Task:
From the records below, please print only the lines from the one containing "Nagy teljesítményű tányérkefe" through the one containing "Once you add", both included. Skip the pictures.

Data records:

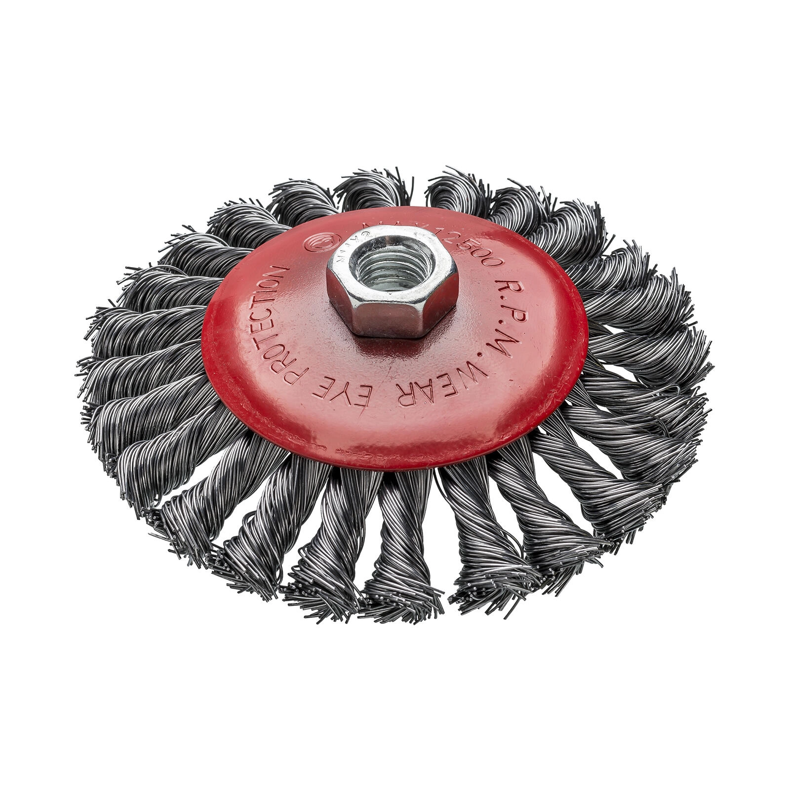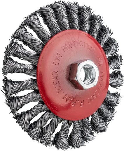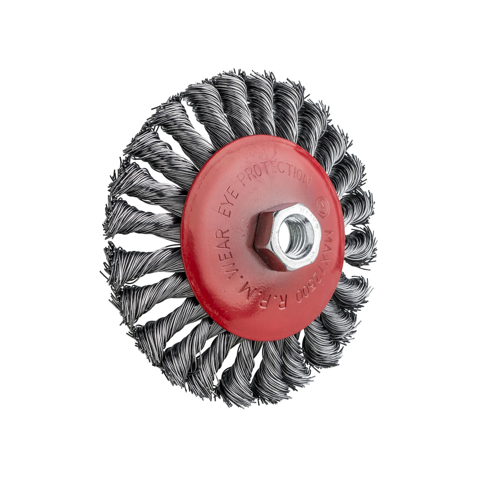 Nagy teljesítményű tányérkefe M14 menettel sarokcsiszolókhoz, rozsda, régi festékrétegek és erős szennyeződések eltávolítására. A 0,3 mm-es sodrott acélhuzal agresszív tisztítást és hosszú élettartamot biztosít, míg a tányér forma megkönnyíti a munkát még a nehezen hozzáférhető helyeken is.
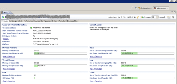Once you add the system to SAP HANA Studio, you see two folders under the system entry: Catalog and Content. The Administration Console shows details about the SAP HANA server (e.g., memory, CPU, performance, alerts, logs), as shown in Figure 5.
* * *
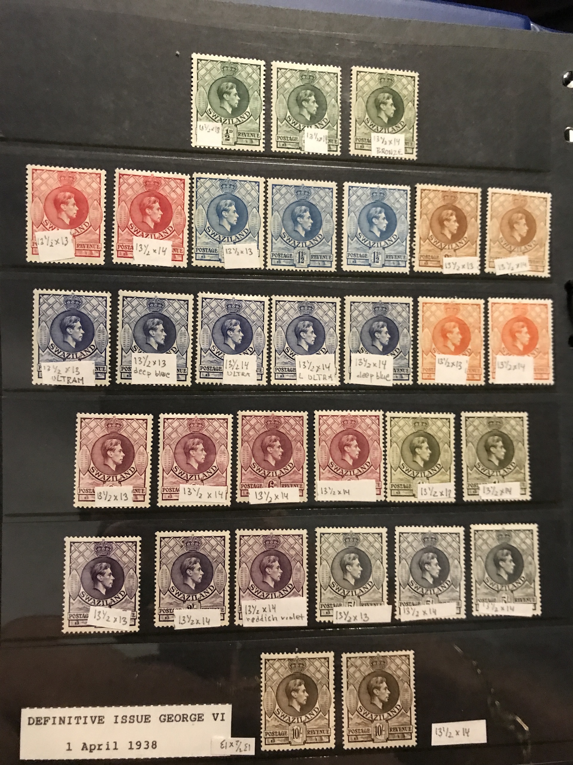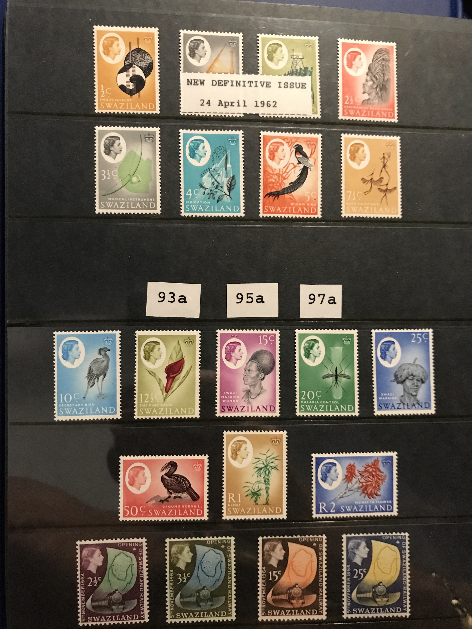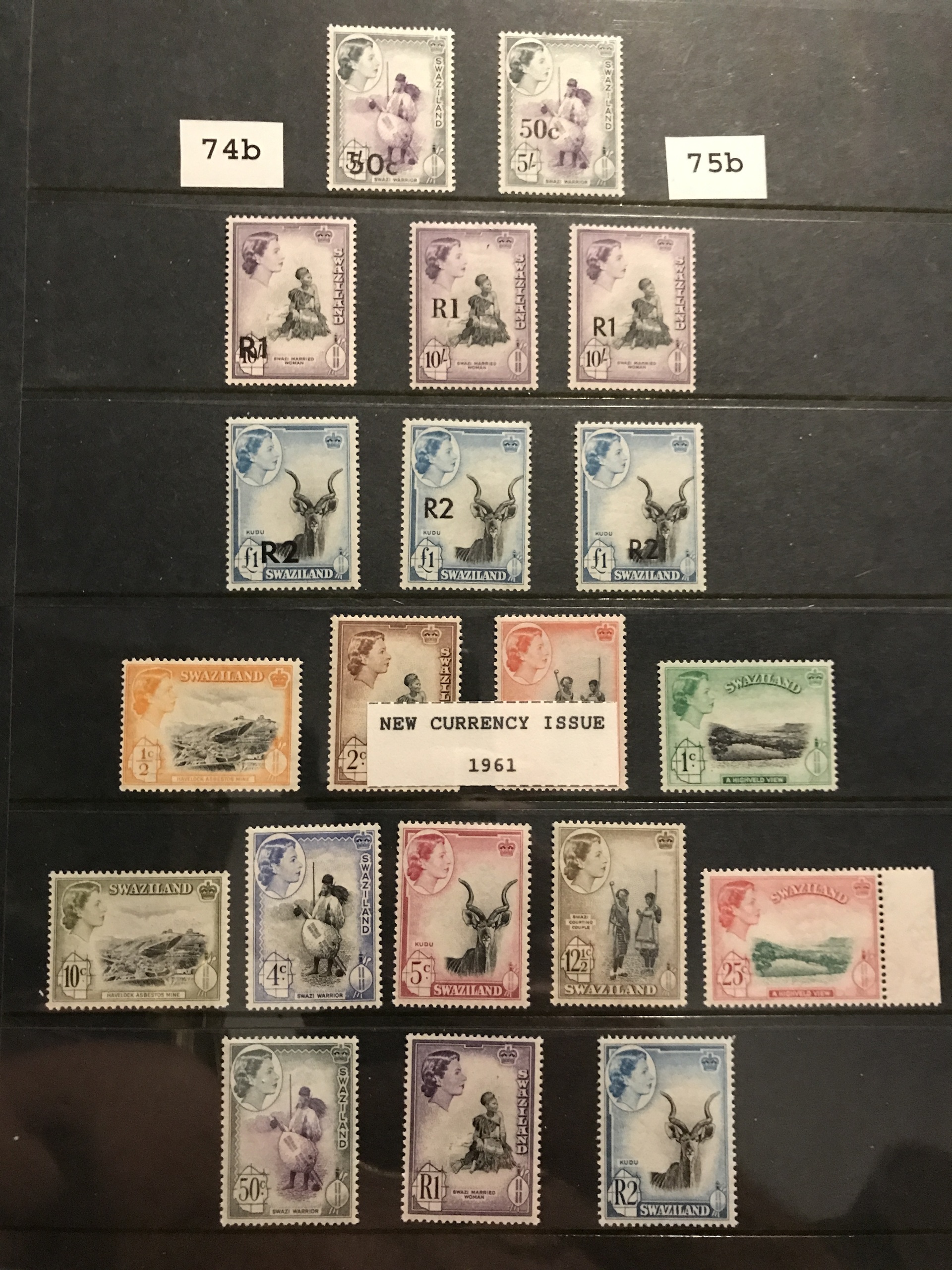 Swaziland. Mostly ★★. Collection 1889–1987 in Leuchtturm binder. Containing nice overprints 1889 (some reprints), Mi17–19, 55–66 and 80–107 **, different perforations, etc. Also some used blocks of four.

Result of the exercise:
 Nagy teljesítményű tányérkefe M14 menettel sarokcsiszolókhoz, rozsda, régi festékrétegek és erős szennyeződések eltávolítására. A 0,3 mm-es sodrott acélhuzal agresszív tisztítást és hosszú élettartamot biztosít, míg a tányér forma megkönnyíti a munkát még a nehezen hozzáférhető helyeken is.
Once you add the system to SAP HANA Studio, you see two folders under the system entry: Catalog and Content. The Administration Console shows details about the SAP HANA server (e.g., memory, CPU, performance, alerts, logs), as shown in Figure 5.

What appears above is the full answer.